Hi RG community,
I'm about to order some single guide RNAs (gRNAs) for CRISPR/Cas9 site-directed knockouts following Bassett and Liu (2014) protocol (paper below). Briefly, two partially overlapping primers (an ~ 64 nt forward target-specific and an 80 nt universal reverse) are used in PCR amplification to generate a DNA template, which will then be used for T7 in vitro transcription (gRNA synthesis).
Now, I've always ordered these primers PAGE-purified, reasoning that more full-length oligos (non-truncated) would generate more full-length functional gRNAs, thus getting more mutagenesis efficiency. However, some colleagues have been using standard de-salted oligos instead, and they have the impression that works just fine. Considering that they're way cheaper than PAGE-purified oligos, it might worth a try, but I'm very skeptical about it.

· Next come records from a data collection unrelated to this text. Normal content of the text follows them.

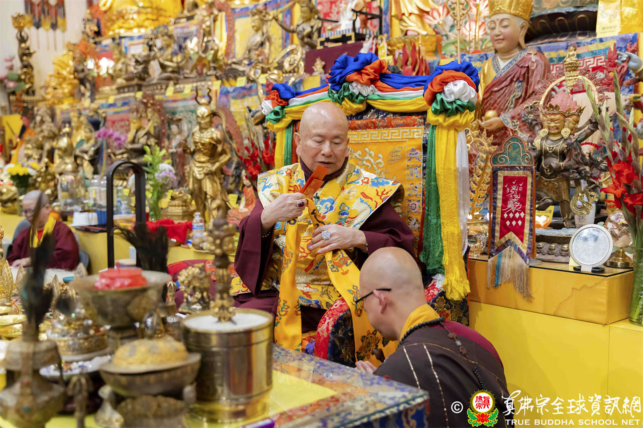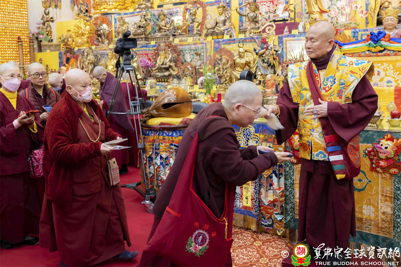 聖尊精彩寶貴的法語開示後,慈悲為新皈依弟子做皈依灌頂,並加持大悲咒水、開光佛像,及持拂塵加持與會大眾。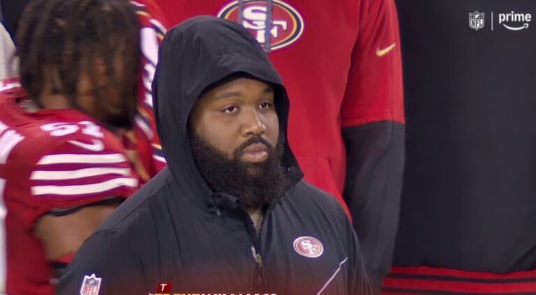 During the broadcast, the Amazon Prime Video cameras cut to inactive 49ers defensive tackle Nesta Jade Silvera on the sidelines. They used a graphic that incorrectly labeled him as Williams: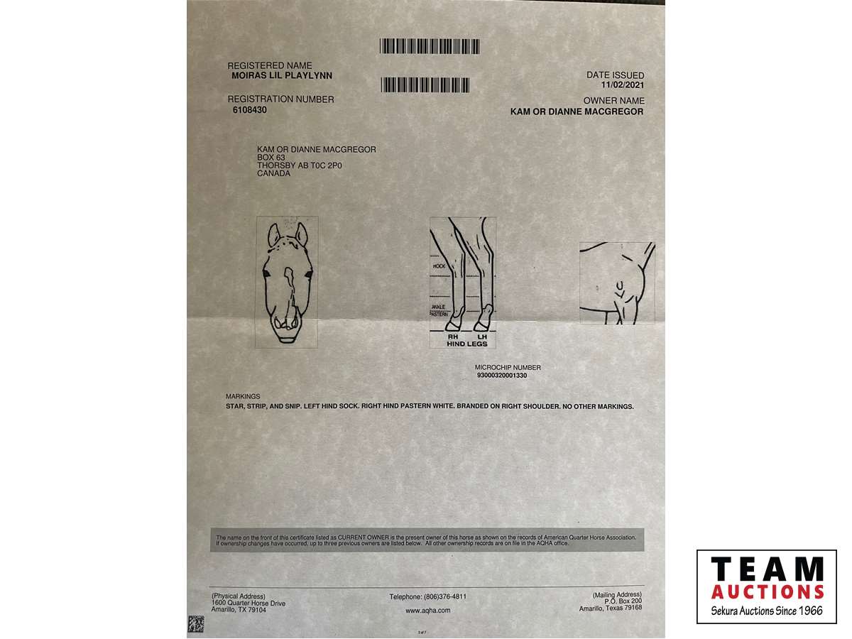 Registered Quarter Horses Unreserved Timed Auction for The Estate of Kam MacGregor – Near Thorsby, AB – May 7, 2022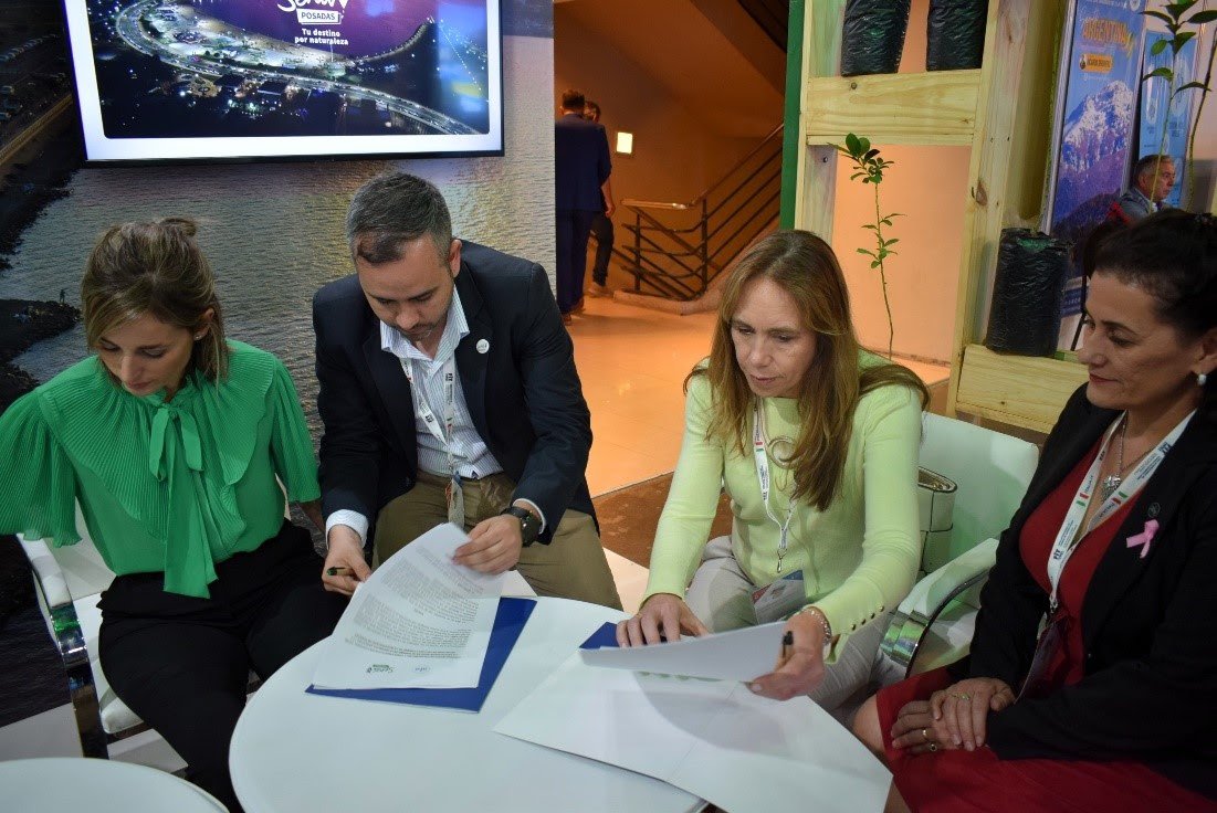 Firma de convenio con la Ciudad de Posadas: el norte de este convenio es generar el compromiso de cooperación en orden a la promoción de proyectos de Sustentabilidad Hotelera y asistencia técnica entre la entidad y la secretaría de turismo de Posadas, a través de los cuales se faciliten herramientas de gestión en materia de Hotelería Sustentable.

So, that's the question: are PAGE purified oligos really necessary for CRISPR/Cas9 mutagenesis?
Any and all comments are very appreciated!
Dani.
Bassett and Liu (2014):
Article CRISPR/Cas9 mediated genome engineering in Drosophila
Currently, I am using standard de-salted oligos which I ordered from eurofin genomics. They work perfectly, the precision of my gRNA is yet to be fully tested after my current experiment is over however the current preliminary protein expression results shows that my Gene of interest has been knockout using the CRISPR/cas9 with the ordered standard oligos. Thank you, Daniel, your question have questioned my procedure and I will certainly want to know if there exist any significant difference too.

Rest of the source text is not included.